Âgés de 18 à 35 ans, étudiants, salariés et sans casier judiciaire, "leur caractéristique commune c'est leur origine ou leur couleur de peau", décrit l'un de leurs avocats, Me Slim Ben Achour. Tous ont vécu des contrôles devant leur famille ou leurs amis, parfois associés à des palpations, des "marques de mépris" ou un "tutoiement de rigueur" qui leur ont causé une "humiliation et une peur profonde", "l'impression d'être un citoyen de seconde zone", a expliqué Me Félix de Belloy, leur autre conseil.

Faire condamner l'Etat pour faute lourde

Ces citoyens veulent faire condamner l'Etat pour faute lourde, démontrant ainsi que "non, nous ne vivons pas dans un régime d'apartheid", selon Me Ben Achour, reprenant les termes employés par le Premier ministre Manuel Valls qui avaient fait polémique. Chacun d'entre eux demande en outre 10.000 euros de dommages et intérêts.

Mercredi, le Défenseur des droits est venu appuyer leur combat devant la première chambre de la cour d'appel.
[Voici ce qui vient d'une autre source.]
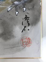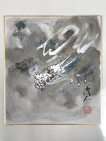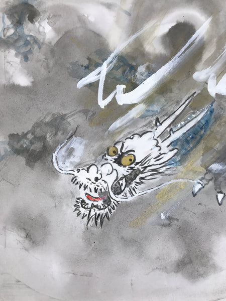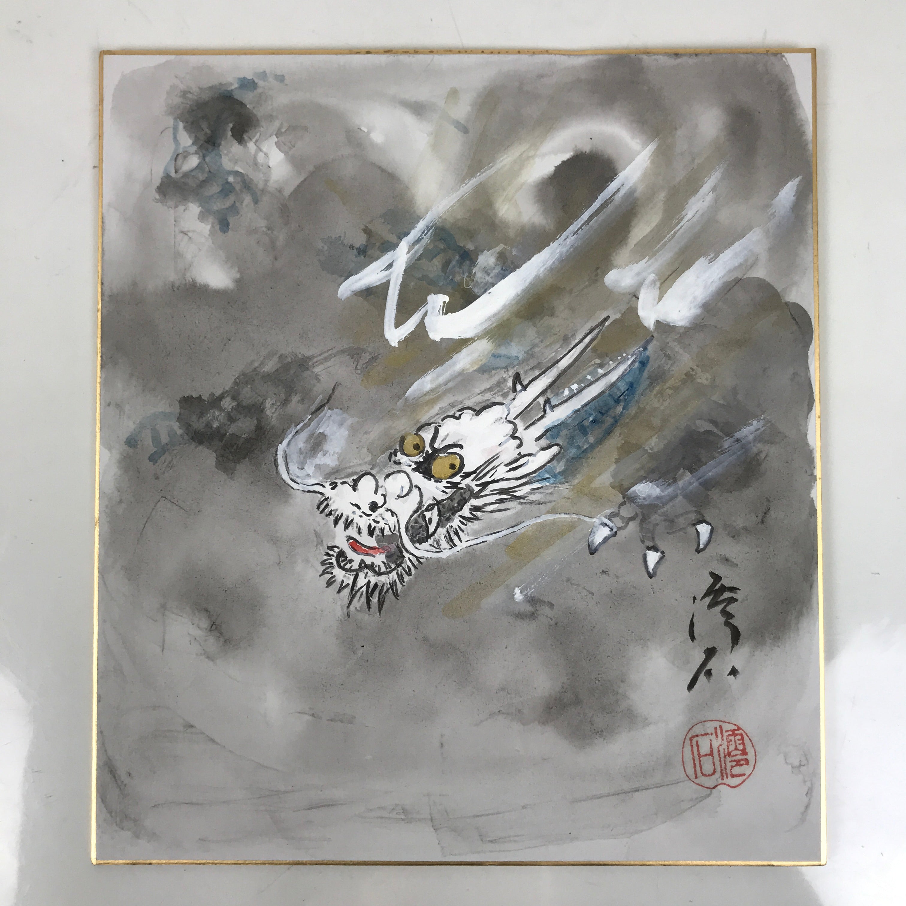 Japanese Shikishi Art Board Painting Vtg Dragon Head Zodiac Cloud Gray A715

Portant la voix de l'institution, Me Nicolas Demard a déploré qu'il n'existe "aucune traçabilité" des contrôles d'identité, ces derniers ne faisant l'objet d' "aucun récépissé" ou "procès-verbal". 
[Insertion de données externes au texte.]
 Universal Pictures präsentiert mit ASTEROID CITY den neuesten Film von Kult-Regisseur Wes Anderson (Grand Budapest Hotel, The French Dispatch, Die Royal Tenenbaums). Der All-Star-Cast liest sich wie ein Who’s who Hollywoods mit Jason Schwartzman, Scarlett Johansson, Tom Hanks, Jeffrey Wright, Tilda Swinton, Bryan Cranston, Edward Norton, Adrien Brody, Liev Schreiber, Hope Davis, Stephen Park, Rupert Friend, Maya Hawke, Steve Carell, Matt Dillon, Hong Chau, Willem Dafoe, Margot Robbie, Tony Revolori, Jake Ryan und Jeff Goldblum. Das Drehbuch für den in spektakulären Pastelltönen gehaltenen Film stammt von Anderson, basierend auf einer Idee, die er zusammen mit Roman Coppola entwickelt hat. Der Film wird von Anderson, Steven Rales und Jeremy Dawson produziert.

L'institution estime que ces contrôles doivent être "suffisamment encadrés" et offrir des "garanties" contre les risques arbitraires. L'institution considère aussi, en vertu de la loi du 27 mai 2008 prévoyant l'aménagement de la charge de la preuve en cas de discrimination, qu'il revient à l'Etat de "faire la démonstration qu'il n'y a pas eu traitement discriminatoire" et non aux citoyens de prouver l'inverse, comme le plaide l'avocate de l'Etat, Me Claire Litaudon.

"C'est devant le Parlement qu'il doit s'exprimer"
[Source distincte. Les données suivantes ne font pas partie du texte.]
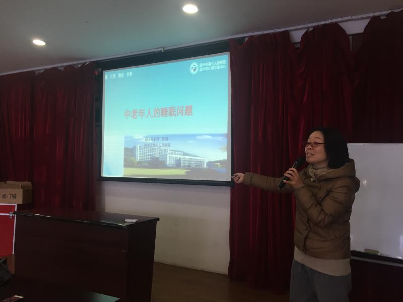 ?? ?3月21日早上9時許,溫州市第七人民醫(yī)院黨辦主任陳靖來到謝池社區(qū),為社區(qū)內(nèi)失眠癥患者帶來了一場“中老年睡眠科普知識講座”,現(xiàn)場聽課人數(shù)達40人。由于來聽講座的都是社區(qū)里的中老年朋友,所以陳靖主任以地道的溫州話進行講課,迅速和她們拉近了距離,耐心地講解了現(xiàn)在中老年朋友失眠癥的癥狀、引起該癥的原因、失眠的危害和相關(guān)防治措施。社區(qū)主任在聽完講座后表示自己最近也深受失眠困擾,陳靖主任的講課確實讓她獲益匪淺。陳靖主任建議如果失眠癥嚴(yán)重影響到了日常生活,那就需要盡快到專科醫(yī)院進行檢查或者做相關(guān)的心理咨詢。在社區(qū)里與講座同步開展的還有免費義診活動,我院主任醫(yī)師徐道祥、于明榮、心理咨詢師謝展翔及病區(qū)護士早早地整理好義診攤位,為前來咨詢的朋友答疑解惑。據(jù)統(tǒng)計,現(xiàn)場來測血糖、血壓人數(shù)達90余人次;發(fā)放左金丸、午時茶、板藍根等常備藥品350余盒;發(fā)放睡眠科普知識宣傳手冊500余份。

Alors que Me Félix de Belloy se réjouissait du soutien du Défenseur des droits, institution "qui n'a pas à sa tête un gauchiste révolutionnaire", en la personne de Jacques Toubon, remarquait-il ironiquement, Me Litaudon s'agaçait que le défenseur ait "décidé d'utiliser cette audience comme une tribune médiatique". Des contrôles abusifs, "il y en a eu, il y en a. C'est déplorable. Nous sommes tous d'accord là-dessus", a reconnu Me Litaudon. Mais ce n'est pas le "rôle" de la cour de "modifier le code de procédure pénale".

Recentrant le débat sur les treize contrôles en question, l'avocate a assuré, comme en première instance, que "dans chacun de ces dossiers, le contrôle est justifié". La représentante du ministère public a abondé dans son sens, demandant la confirmation des décisions prises par le tribunal de grande instance de Paris, qui avait débouté les plaignants en octobre 2013, estimant qu'ils n'avaient pas prouvé la discrimination. "Aucune faute lourde n'est constituée", a-t-elle affirmé. "Si le défenseur des droits réclame un cadre plus contraignant avec davantage de garanties", ce n'est pas devant la Cour mais "devant le Parlement qu'il doit s'exprimer".

La justice tranchera en appel le 24 juin prochain.